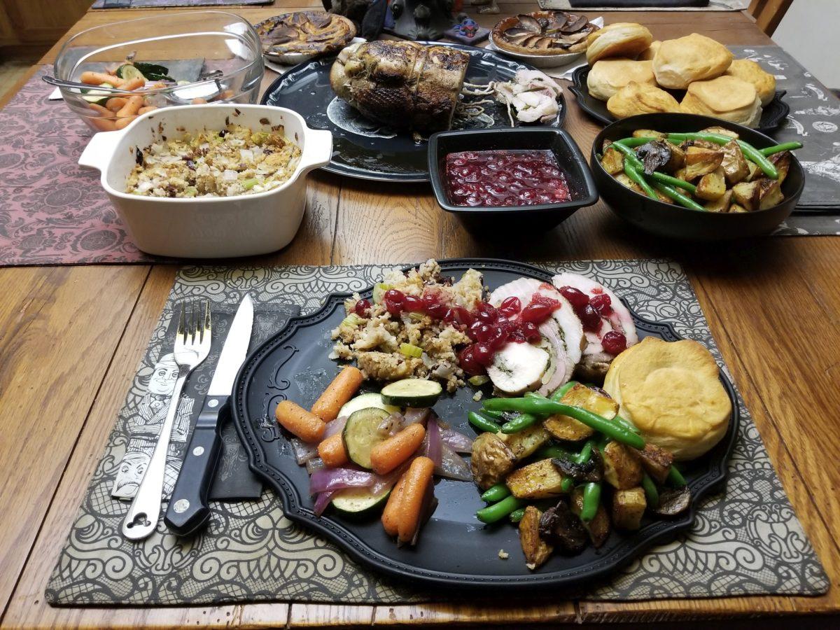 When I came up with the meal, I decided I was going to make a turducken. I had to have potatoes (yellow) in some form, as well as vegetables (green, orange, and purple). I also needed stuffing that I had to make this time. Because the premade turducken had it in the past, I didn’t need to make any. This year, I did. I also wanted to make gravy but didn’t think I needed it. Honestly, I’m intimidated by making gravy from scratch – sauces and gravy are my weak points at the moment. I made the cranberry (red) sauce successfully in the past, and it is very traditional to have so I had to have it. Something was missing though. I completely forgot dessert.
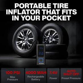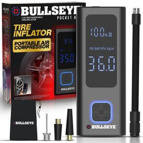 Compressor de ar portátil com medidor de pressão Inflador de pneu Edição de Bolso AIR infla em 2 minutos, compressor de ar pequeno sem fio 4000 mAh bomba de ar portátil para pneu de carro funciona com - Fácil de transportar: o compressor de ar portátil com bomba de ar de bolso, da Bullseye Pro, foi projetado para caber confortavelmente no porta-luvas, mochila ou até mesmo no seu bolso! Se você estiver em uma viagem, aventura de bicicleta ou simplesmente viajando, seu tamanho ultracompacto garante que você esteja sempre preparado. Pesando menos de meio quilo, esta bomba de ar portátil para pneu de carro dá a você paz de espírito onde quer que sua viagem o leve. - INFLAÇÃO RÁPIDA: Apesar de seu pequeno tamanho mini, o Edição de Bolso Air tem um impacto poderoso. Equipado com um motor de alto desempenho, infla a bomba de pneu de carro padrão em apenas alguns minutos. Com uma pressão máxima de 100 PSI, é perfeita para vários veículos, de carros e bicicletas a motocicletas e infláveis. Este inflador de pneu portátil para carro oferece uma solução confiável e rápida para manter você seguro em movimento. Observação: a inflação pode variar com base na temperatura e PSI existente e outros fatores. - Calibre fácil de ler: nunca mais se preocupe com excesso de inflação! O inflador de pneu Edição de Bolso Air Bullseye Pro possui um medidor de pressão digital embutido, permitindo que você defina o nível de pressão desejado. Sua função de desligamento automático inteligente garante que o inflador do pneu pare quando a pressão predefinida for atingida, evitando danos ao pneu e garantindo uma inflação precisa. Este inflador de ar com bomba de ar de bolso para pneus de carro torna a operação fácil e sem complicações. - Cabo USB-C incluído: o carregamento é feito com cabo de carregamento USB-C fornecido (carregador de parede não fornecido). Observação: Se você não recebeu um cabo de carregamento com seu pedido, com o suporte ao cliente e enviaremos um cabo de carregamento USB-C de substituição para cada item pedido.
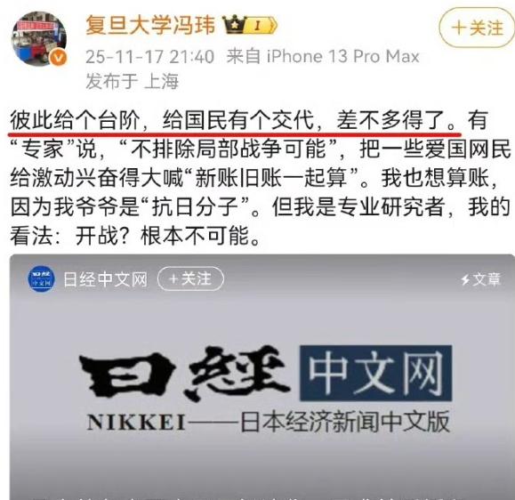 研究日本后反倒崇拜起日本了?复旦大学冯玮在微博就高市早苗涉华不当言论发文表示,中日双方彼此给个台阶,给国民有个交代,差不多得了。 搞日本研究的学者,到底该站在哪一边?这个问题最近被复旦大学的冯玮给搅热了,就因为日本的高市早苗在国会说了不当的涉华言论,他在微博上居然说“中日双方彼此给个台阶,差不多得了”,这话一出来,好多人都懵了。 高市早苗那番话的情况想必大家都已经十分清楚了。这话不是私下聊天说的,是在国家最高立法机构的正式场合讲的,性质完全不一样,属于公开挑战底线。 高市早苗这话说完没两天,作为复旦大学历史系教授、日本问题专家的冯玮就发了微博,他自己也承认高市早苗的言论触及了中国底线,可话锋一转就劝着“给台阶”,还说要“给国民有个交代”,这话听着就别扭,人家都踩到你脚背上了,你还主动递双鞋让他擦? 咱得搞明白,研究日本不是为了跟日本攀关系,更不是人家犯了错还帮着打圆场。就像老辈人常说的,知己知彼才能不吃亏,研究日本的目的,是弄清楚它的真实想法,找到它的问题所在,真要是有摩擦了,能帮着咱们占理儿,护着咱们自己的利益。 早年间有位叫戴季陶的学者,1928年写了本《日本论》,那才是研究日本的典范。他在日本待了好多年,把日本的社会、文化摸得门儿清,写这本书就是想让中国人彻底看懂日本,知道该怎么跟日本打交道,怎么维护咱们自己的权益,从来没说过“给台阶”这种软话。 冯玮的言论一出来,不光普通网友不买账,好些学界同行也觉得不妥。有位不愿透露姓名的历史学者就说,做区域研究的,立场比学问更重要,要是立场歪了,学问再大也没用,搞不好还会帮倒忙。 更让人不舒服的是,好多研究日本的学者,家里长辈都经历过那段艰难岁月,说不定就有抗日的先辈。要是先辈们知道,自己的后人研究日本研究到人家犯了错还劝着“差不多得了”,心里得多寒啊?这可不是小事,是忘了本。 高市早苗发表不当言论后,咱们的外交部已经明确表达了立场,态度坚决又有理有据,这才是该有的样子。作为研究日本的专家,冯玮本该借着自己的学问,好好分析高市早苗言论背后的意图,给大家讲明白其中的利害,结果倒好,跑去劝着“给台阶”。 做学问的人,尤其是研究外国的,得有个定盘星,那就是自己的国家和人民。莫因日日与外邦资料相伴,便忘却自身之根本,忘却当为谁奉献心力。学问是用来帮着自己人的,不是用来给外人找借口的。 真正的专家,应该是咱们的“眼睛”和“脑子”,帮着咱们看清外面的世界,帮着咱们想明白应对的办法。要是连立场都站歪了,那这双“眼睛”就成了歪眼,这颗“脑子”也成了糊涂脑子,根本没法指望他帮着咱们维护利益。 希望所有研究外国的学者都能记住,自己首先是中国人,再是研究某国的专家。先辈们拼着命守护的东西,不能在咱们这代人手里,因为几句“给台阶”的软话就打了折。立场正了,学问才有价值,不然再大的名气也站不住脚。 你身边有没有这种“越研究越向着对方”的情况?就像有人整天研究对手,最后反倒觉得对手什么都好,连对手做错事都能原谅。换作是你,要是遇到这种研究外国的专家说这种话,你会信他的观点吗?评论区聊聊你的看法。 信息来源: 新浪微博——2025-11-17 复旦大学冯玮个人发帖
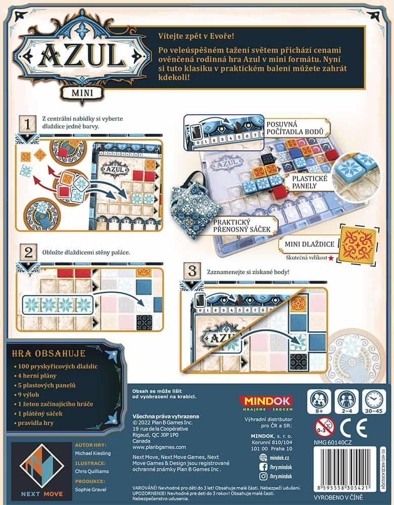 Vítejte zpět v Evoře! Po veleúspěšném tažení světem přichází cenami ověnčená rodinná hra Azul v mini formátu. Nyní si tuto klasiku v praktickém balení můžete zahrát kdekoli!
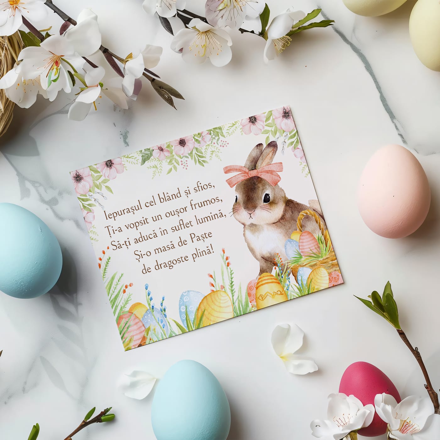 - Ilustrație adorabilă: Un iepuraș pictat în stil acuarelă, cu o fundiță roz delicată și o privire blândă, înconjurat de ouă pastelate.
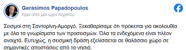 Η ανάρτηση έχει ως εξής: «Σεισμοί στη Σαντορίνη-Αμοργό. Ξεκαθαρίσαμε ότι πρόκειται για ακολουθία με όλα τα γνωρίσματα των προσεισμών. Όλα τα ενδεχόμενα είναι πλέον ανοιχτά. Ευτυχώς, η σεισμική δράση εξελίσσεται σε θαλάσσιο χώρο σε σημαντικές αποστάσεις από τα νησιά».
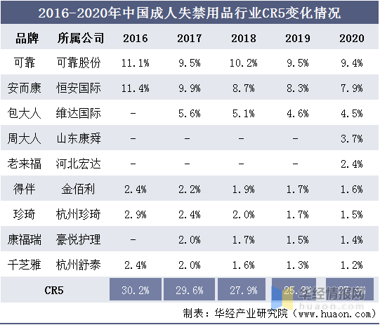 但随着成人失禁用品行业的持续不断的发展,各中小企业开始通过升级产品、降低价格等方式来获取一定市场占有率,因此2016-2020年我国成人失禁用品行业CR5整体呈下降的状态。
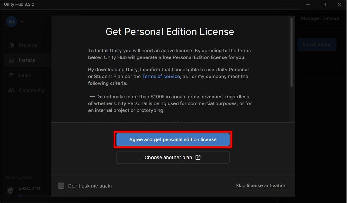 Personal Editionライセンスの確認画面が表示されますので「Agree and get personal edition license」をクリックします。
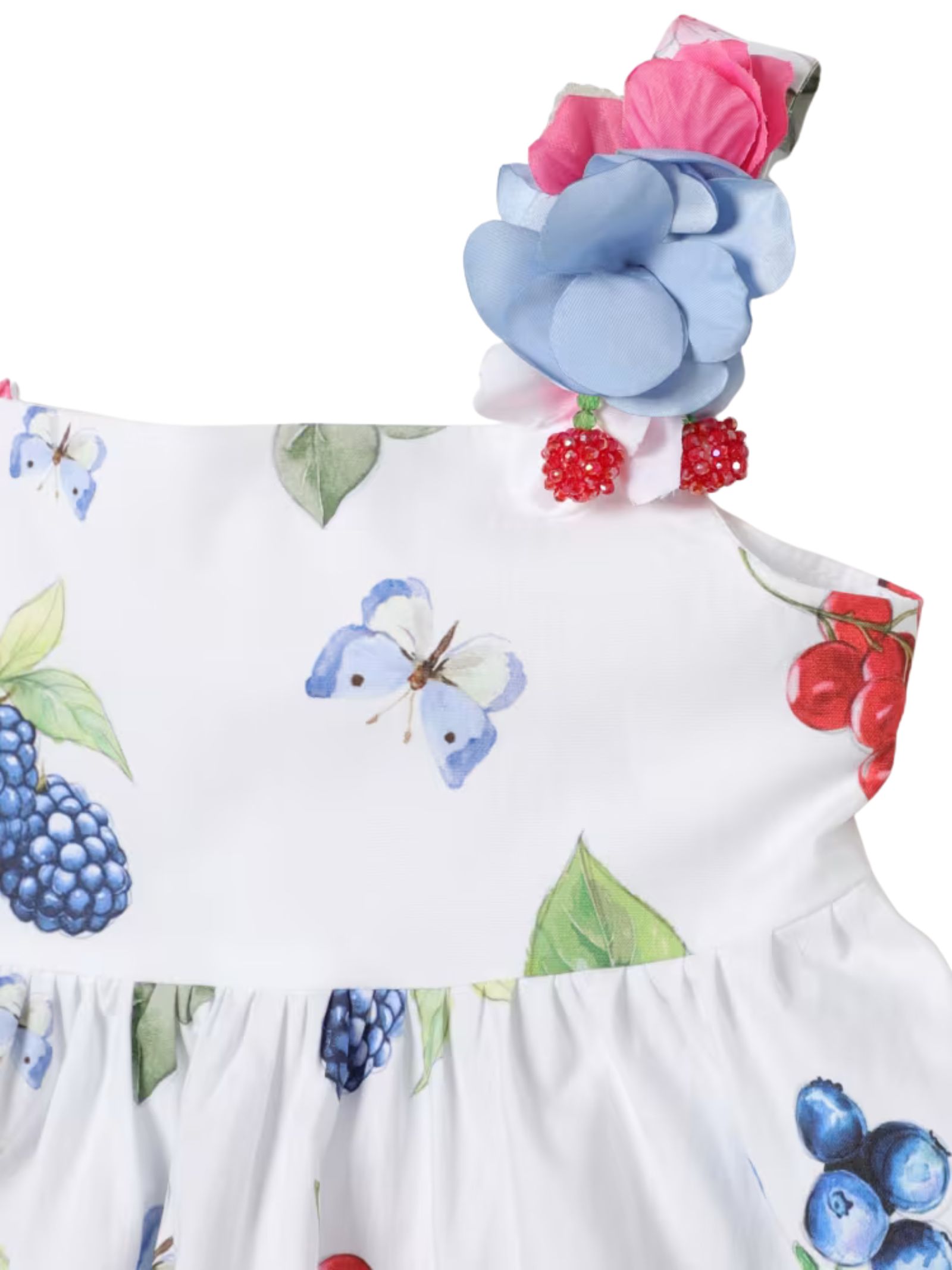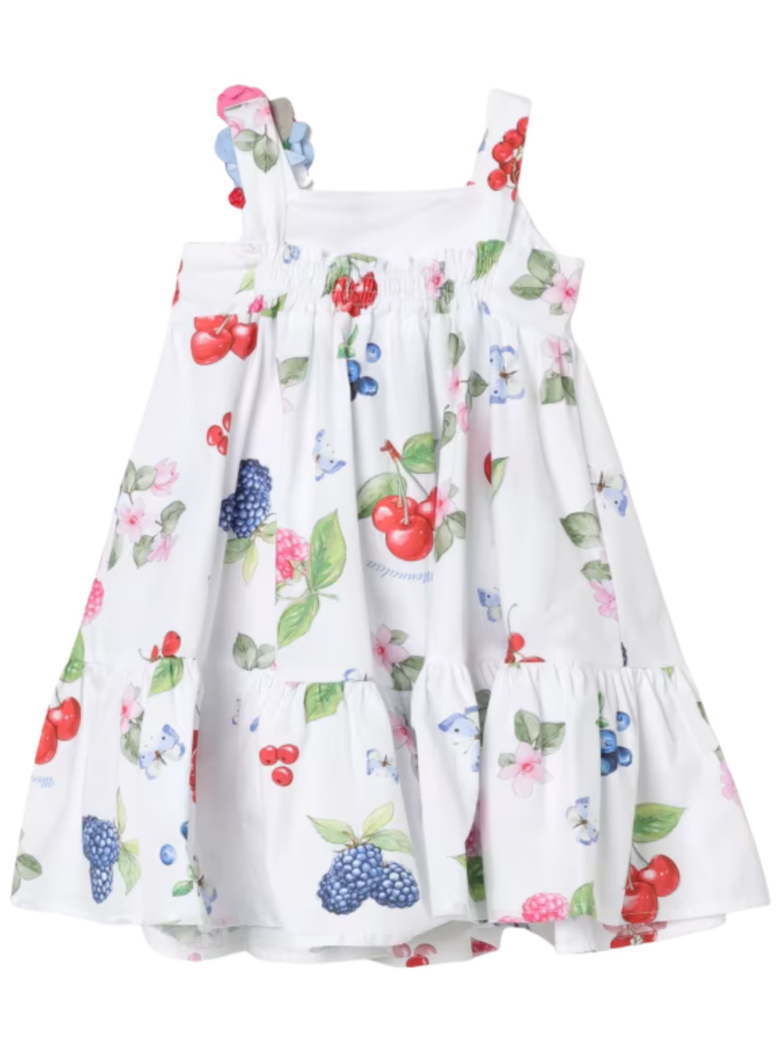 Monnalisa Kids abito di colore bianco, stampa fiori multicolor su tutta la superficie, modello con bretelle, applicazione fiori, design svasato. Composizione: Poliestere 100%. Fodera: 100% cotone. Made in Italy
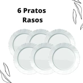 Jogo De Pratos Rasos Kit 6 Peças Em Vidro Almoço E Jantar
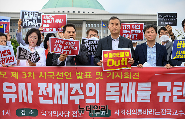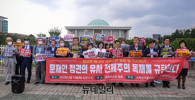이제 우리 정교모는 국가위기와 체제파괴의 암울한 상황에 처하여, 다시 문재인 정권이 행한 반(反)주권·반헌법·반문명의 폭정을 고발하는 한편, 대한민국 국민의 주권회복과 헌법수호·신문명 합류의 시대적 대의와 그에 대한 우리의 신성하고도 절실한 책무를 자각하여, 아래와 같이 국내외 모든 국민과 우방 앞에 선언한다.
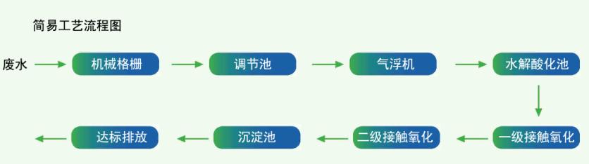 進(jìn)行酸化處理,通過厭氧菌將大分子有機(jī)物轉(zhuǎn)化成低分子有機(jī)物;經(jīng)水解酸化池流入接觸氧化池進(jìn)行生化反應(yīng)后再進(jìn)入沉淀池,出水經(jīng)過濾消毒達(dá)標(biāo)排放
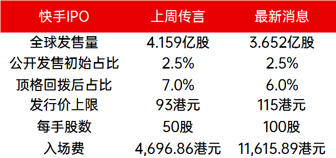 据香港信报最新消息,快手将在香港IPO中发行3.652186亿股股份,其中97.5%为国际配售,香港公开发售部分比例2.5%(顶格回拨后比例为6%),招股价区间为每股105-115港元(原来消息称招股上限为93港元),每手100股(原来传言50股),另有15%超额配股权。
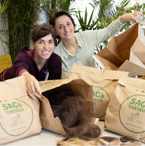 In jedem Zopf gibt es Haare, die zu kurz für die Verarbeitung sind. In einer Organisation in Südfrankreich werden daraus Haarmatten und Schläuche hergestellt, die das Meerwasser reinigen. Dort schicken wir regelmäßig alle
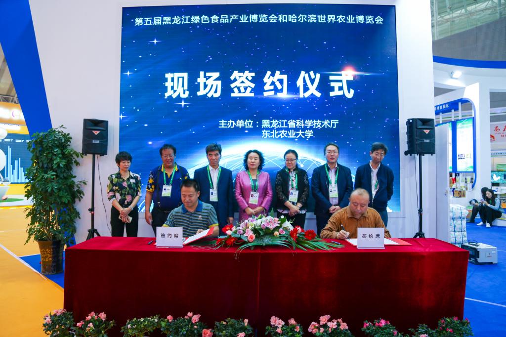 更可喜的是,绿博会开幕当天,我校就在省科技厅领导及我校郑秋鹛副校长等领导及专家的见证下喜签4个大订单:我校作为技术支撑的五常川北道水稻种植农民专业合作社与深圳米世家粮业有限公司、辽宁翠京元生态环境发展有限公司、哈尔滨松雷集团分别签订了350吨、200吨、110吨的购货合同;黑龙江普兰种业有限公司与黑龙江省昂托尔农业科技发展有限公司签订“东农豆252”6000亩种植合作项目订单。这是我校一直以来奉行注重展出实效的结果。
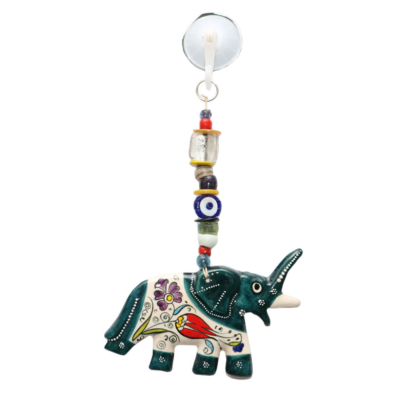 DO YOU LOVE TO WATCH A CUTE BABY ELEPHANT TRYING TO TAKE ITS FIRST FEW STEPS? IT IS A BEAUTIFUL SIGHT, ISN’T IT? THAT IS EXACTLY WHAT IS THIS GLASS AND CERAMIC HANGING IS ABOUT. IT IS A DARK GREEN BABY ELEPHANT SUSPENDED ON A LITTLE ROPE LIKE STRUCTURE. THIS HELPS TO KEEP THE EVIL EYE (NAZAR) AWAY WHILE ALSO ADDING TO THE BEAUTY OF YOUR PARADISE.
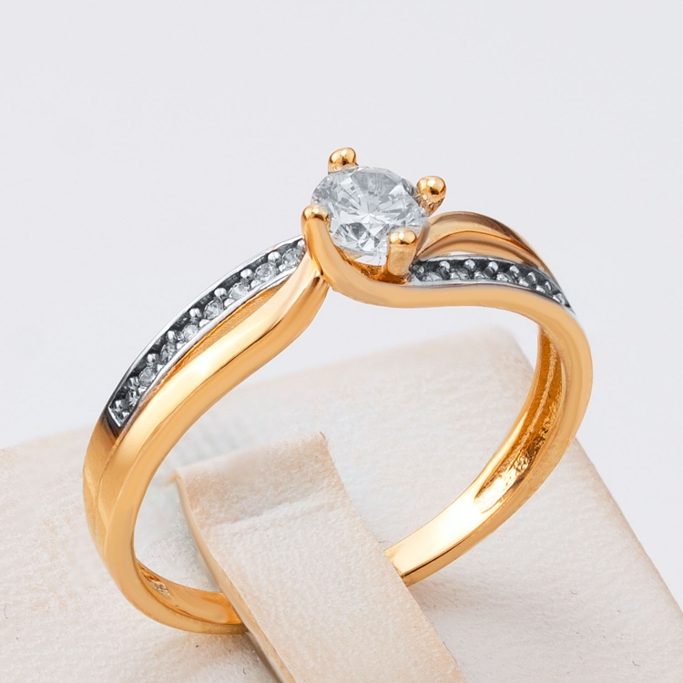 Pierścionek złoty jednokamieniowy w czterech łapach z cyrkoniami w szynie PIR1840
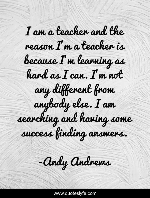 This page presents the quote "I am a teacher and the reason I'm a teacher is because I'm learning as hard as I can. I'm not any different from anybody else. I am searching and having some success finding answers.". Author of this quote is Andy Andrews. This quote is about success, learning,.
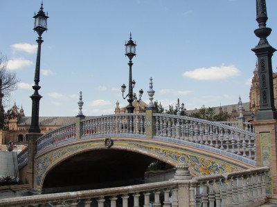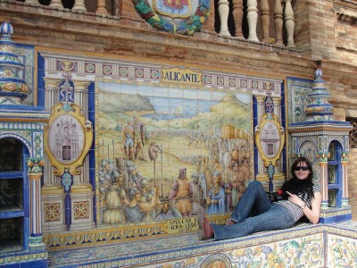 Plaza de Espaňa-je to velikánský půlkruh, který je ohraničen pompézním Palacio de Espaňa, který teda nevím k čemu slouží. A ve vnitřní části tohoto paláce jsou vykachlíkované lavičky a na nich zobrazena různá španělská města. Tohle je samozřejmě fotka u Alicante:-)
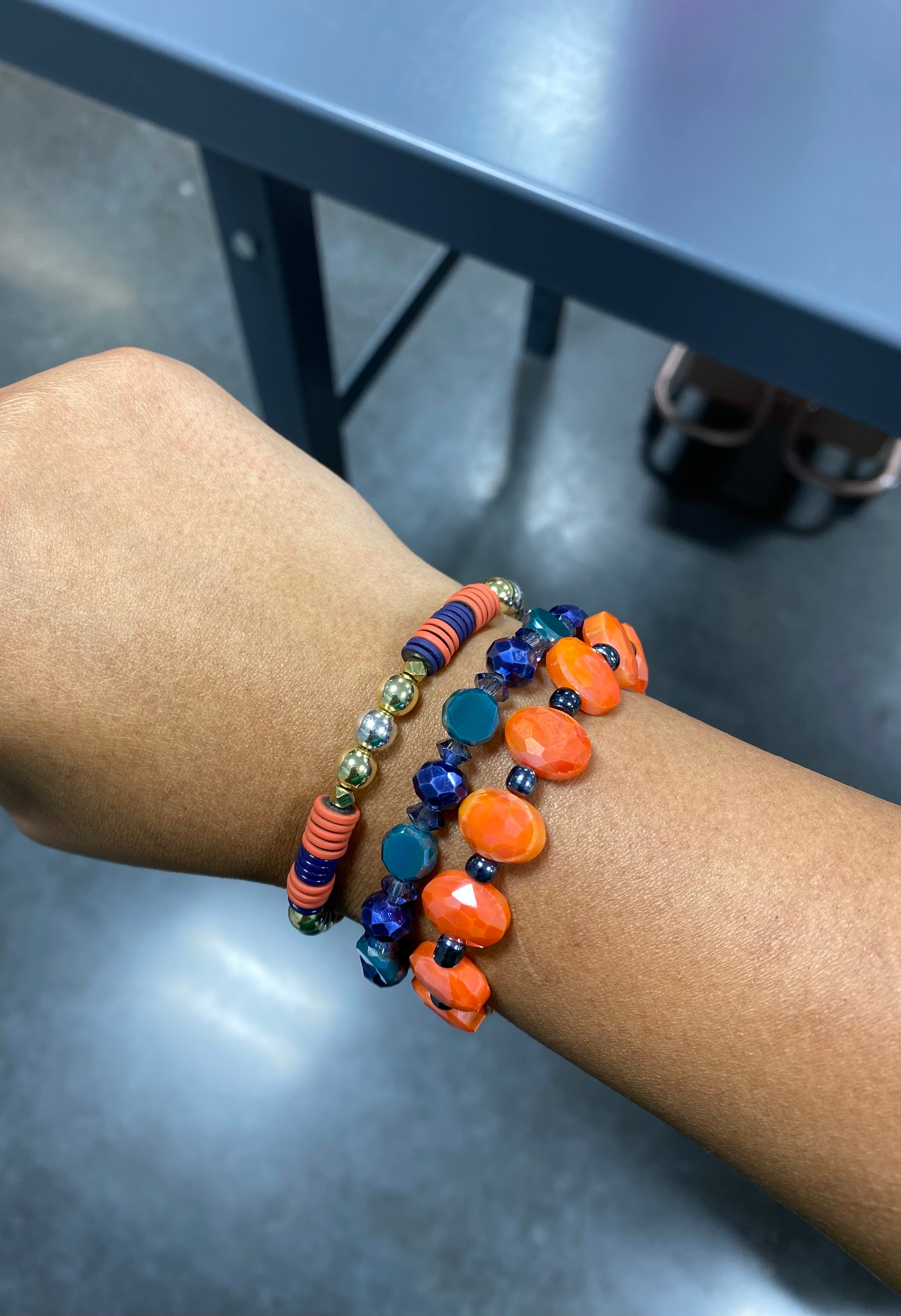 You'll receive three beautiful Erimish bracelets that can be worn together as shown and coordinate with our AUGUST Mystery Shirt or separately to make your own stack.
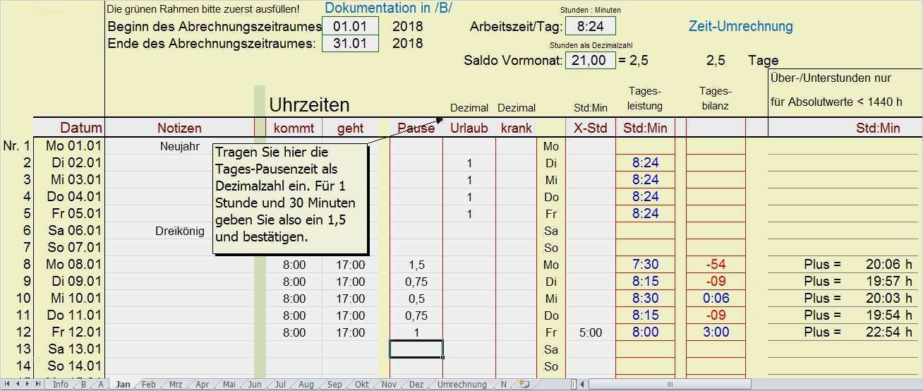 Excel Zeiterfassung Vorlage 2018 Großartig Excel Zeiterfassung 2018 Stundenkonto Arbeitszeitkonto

REQUIRED ACTION » Look above for the line holding "Pierścionek złoty jednokamieniowy" and output everything from it down to the line holding "This page presents", both ends included, exactly and without images.

ANSWER TO THIS EXERCISE »
 Pierścionek złoty jednokamieniowy w czterech łapach z cyrkoniami w szynie PIR1840
 This page presents the quote "I am a teacher and the reason I'm a teacher is because I'm learning as hard as I can. I'm not any different from anybody else. I am searching and having some success finding answers.". Author of this quote is Andy Andrews. This quote is about success, learning,.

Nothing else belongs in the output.